Apollo reported ENI after taxes of $197.8 million for the second quarter ended June 30, 2013, compared to $18.7 million for the same period in 2012. The $179.1 million increase in ENI was driven by favorable performance in Apollo's Management and Incentive Businesses, which reported ENI of $89.1 million and $152.2 million for the second quarter ended June 30, 2013, respectively, compared to $70.4 million and $(28.4) million, respectively, for the same period in 2012. The $180.6 million quarter over quarter increase in ENI for the Incentive Business was largely the result of higher carried interest income from Apollo's private equity and credit segments during the second quarter of 2013 compared to the same period in 2012.
Apollo's total AUM was $113.1 billion as of June 30, 2013, an increase of $8.2 billion, or 8%, compared to $104.9 billion as of June 30, 2012. The $8.2 billion quarter over quarter increase in total AUM was primarily driven by a change in fair value of investments of $13.5 billion and new capital raised of $11.2 billion, offset in part by distributions of $17.9 billion.

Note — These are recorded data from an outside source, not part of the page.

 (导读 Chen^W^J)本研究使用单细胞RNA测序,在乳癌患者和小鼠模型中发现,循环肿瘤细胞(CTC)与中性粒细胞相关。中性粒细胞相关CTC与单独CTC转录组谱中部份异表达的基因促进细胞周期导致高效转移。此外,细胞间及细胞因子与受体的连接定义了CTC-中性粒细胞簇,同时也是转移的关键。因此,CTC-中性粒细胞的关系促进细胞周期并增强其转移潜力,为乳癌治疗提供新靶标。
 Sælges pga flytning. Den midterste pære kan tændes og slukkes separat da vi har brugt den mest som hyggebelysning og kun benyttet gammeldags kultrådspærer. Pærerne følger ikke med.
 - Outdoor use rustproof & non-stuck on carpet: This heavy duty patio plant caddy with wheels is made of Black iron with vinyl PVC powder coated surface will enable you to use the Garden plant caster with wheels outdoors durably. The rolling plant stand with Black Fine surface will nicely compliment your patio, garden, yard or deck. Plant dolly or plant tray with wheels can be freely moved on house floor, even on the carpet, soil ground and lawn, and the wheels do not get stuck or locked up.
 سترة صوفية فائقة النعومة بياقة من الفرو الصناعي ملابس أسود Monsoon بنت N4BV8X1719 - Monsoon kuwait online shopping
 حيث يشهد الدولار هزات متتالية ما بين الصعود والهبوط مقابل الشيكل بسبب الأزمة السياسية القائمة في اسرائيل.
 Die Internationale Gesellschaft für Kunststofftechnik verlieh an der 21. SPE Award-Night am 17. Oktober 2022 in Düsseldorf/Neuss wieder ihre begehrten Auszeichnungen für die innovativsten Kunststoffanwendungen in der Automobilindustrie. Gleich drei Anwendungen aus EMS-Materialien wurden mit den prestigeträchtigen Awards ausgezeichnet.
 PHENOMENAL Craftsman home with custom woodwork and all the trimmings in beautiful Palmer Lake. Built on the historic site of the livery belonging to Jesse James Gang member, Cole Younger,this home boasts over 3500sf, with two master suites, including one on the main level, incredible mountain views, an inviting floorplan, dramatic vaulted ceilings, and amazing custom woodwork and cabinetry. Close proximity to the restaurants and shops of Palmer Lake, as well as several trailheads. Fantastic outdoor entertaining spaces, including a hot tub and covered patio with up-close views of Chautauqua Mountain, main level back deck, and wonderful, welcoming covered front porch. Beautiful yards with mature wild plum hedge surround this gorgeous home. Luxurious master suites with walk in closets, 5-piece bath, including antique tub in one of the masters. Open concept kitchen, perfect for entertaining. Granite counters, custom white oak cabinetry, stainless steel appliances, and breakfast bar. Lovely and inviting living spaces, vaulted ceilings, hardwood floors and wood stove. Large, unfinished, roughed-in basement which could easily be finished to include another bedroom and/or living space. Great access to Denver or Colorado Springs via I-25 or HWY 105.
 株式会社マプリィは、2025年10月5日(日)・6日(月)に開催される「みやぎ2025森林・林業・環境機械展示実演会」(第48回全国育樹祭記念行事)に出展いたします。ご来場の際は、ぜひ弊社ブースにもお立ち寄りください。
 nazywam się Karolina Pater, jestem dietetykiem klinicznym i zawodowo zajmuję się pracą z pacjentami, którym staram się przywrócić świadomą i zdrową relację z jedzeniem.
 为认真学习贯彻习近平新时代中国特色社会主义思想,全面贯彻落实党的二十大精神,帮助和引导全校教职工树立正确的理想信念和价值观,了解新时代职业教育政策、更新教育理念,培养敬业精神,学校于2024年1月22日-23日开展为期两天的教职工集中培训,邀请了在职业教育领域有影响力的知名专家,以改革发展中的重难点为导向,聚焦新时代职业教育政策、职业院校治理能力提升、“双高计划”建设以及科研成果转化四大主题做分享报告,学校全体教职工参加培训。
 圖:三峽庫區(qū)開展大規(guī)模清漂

Fee-generating AUM was $79.3 billion as of June 30, 2013, an increase of $1.8 billion, or 2%, compared to $77.5 billion as of June 30, 2012.
U.S. GAAP results for the second quarter ended June 30, 2013 included net income attributable to Apollo of $58.7 million, or $0.32 per Class A share, compared to a net loss of $41.4 million, or $0.38 per Class A share, for the second quarter ended June 30, 2012.
“Our results for the second quarter of 2013 reflect the continued strength of Apollo's integrated global platform and value-oriented investment approach,” said Leon Black, Chairman and Chief Executive Officer. “During the quarter we raised nearly $7 billion of new capital across all of our business segments, and we generated more than $7 billion of realizations for our investors.”